The cost to British patients and taxpayers for their dismally
performing NHS has been enormous and has increased by 94 per cent in
real terms between 1999-2000 and 2009-2010. And even in the face of such
outrageous money-wasting as reported in September that millions of
non-existent “ghost” patients were registered at NHS surgeries costing
taxpayers £750 million over five years, Secretary of State for
Health Jeremy Hunt intransigently argued against any restraints on
the 2014 NHS budget of £114 billion ($175 billion), despite its shameful
performance and lack of accountability.
And that cost still does not prevent a growing number of British
taxpayers from looking elsewhere for medical care. About six million
Brits now buy private health insurance, including almost two-thirds of
Brits earning more than $78,700.
According to The Telegraph, the number of people paying for their own
private care is up 20 percent year-to-year, with about 250,000 now
choosing to pay for private treatment out-of-pocket each year.
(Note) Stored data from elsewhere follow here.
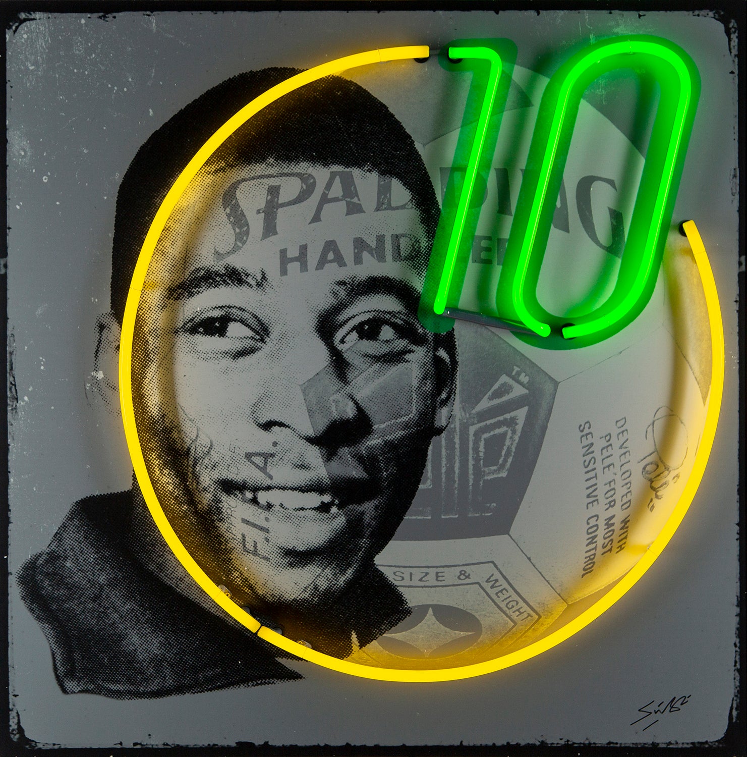 Louis Sidoli's iconic artworks have been exhibited all over the world and bought by such prestigious collectors as Liam Gallagher and Ozzy Osborne. His portraits often utilise authentic photos from popular culture and graphic elements appropriated from a variety of different sources. This dynamic original artwork of Pele features bright pops of electric yellow and green against the monochromatic tones of the portrait and graphic text.
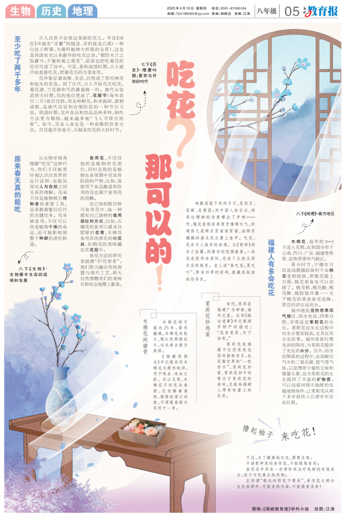 4月10日5版“撸起袖子来吃花”开启了一场独特的跨学科之旅。花儿不仅是美景,还能成为餐桌上的美食。从枝头到舌尖,这里面涉及植物学、营养学等多学科知识。怎样健康地吃花?在探索的过程中,同学们能了解各种花的营养价值,以及烹饪过程中的科学原理,感受跨学科知识的魅力。
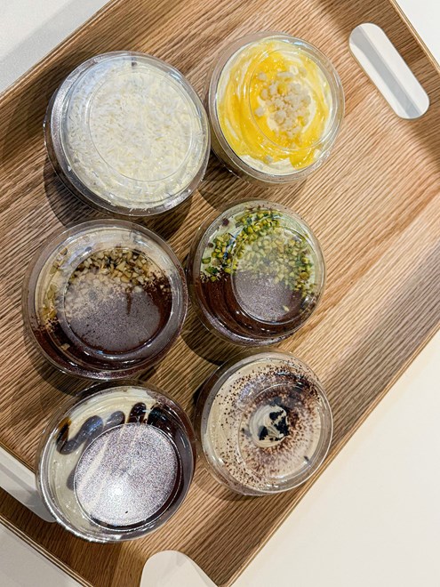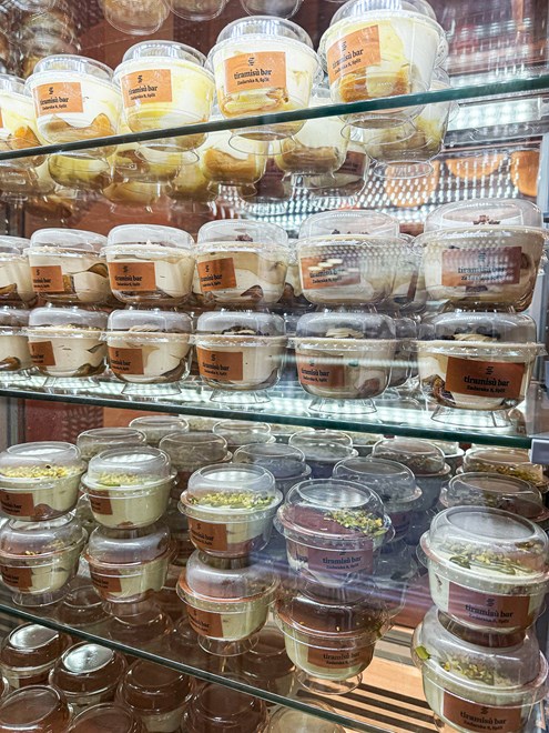 Slastice se poslužuju u elegantnim, praktičnim čašicama za ponijeti. Osim klasičnog tiramisua s mascarponeom i kavom, u ponudi su i verzije s pistacijom, karamelom, Kinder Buenom i Raffaellom. Ljubiteljima voćnih i bezalkoholnih okusa nude se varijante s limunom i jagodom, a cijena svake iznosi 5 eura.
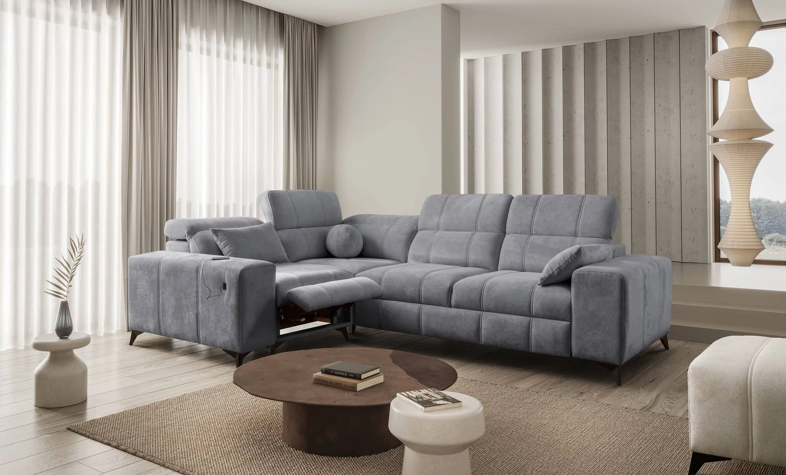 Mezi doplňky tohoto nábytku, které ocení všichni uživatelé, patří výsuvná podnožka, nastavitelné opěrky hlavy, funkce spánku a nabíjecí zásuvka USB na boku rohové jednotky.
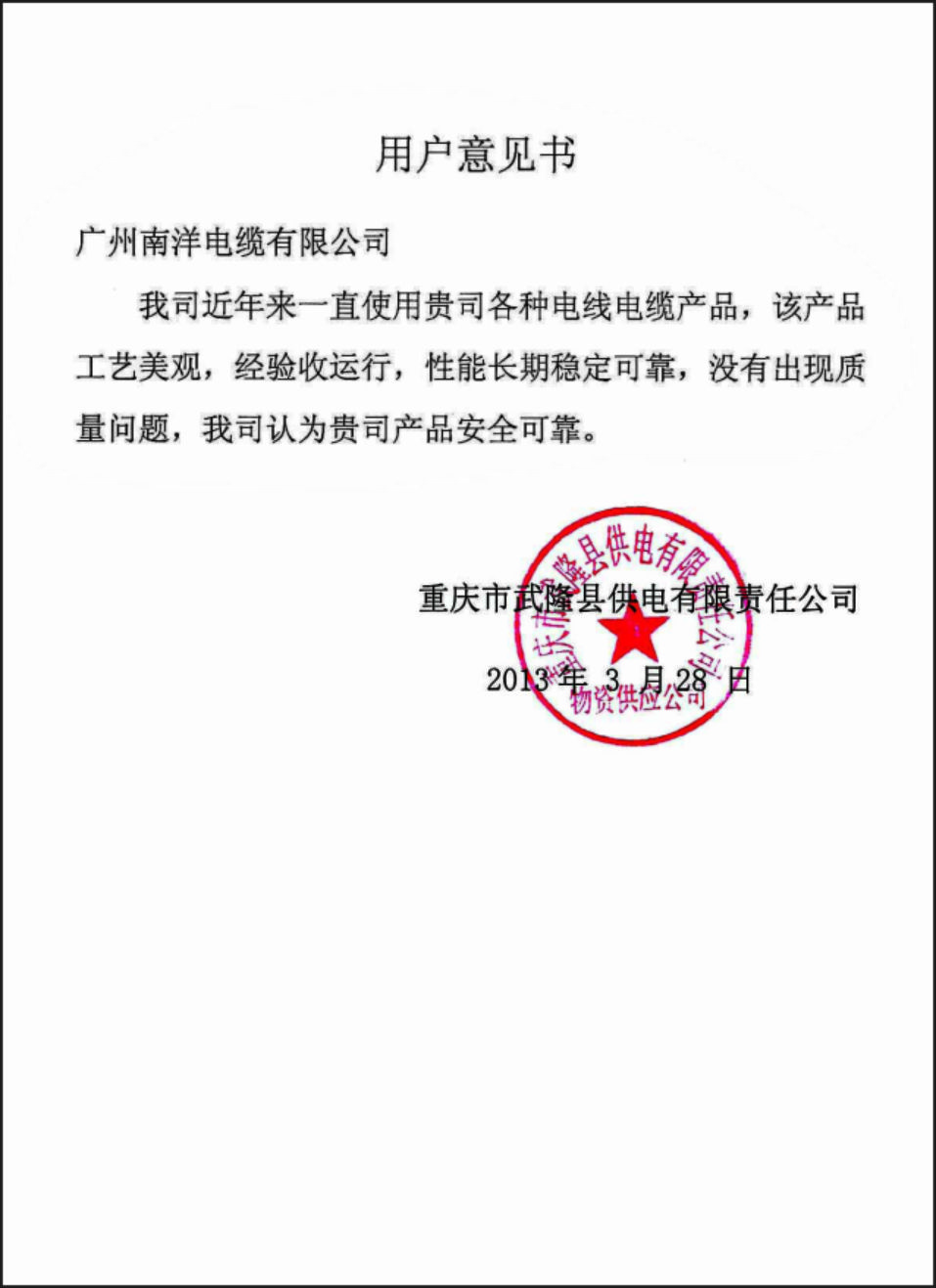 重庆武隆供电公司用户意见书

Isn’t it notable that more than 50,000 Britons travel out of the
country per year and spend £161 million to receive medical care due to
lack of access, even though they are already paying for their NHS
insurance?
Despite all of these realities, just as in America, many in positions
of power refuse to accept the facts and continue to deceive the public.
Even the hard-hitting 2013 Staffordshire report still insisted near
the top of its list of summary points that “the NHS is a service of
which the country can be justly proud, offering as it does universal
access to free medical care, often of the highest order.”
In a truly offensive effort to further manipulate the public about
their failing system of socialized medicine, the NHS in London
separately spent even more taxpayer money -- almost £13 million, or
about $20 million -- on public relations in the last three years, as
reported by the BBC.
Eerily echoing that disgraceful waste of hard-earned taxpayer money,
our own Obama administration will spend about $684 million, as cited by
the Associated Press, mainly on a massive campaign to convince young
people to sign up for ObamaCare exchanges and purchase unnecessarily
bloated, highly expensive insurance they don’t need or want.
Finally, the system often heralded as the model for US health care
reform, offers access and quality of care so poor that Britain is now
experiencing a serious brain drain of their young doctors.
The NHS has become hugely reliant on doctors trained outside the UK.
An estimated 94,833 of the 259,719 doctors of all doctors registered
with the General Medical Council, 36.5% of the total, are from foreign
medical schools. And what is the solution to the disastrous waiting
lists and disgraceful care in the NHS in the face of a considerable
outflow of UK medical professionals?
The U.K. government is now considering sub-contracting operations to private firms from other countries.
Is anyone in the U.S. government watching this socialized medicine debacle unfold?
Yet, the stubborn pursuit of an overtly failed system like the NHS,
where government controls medical care, is the model for ObamaCare, so
the inexorable progression towards what we see in the U.K. should be in
the minds of American voters as more components of the law unfold in
2014.
Ultimately, the only way out is for taxpayers and all U.S. citizens
who care about choice, access, and quality of health care to make their
voices heard.
Thankfully, another election is approaching.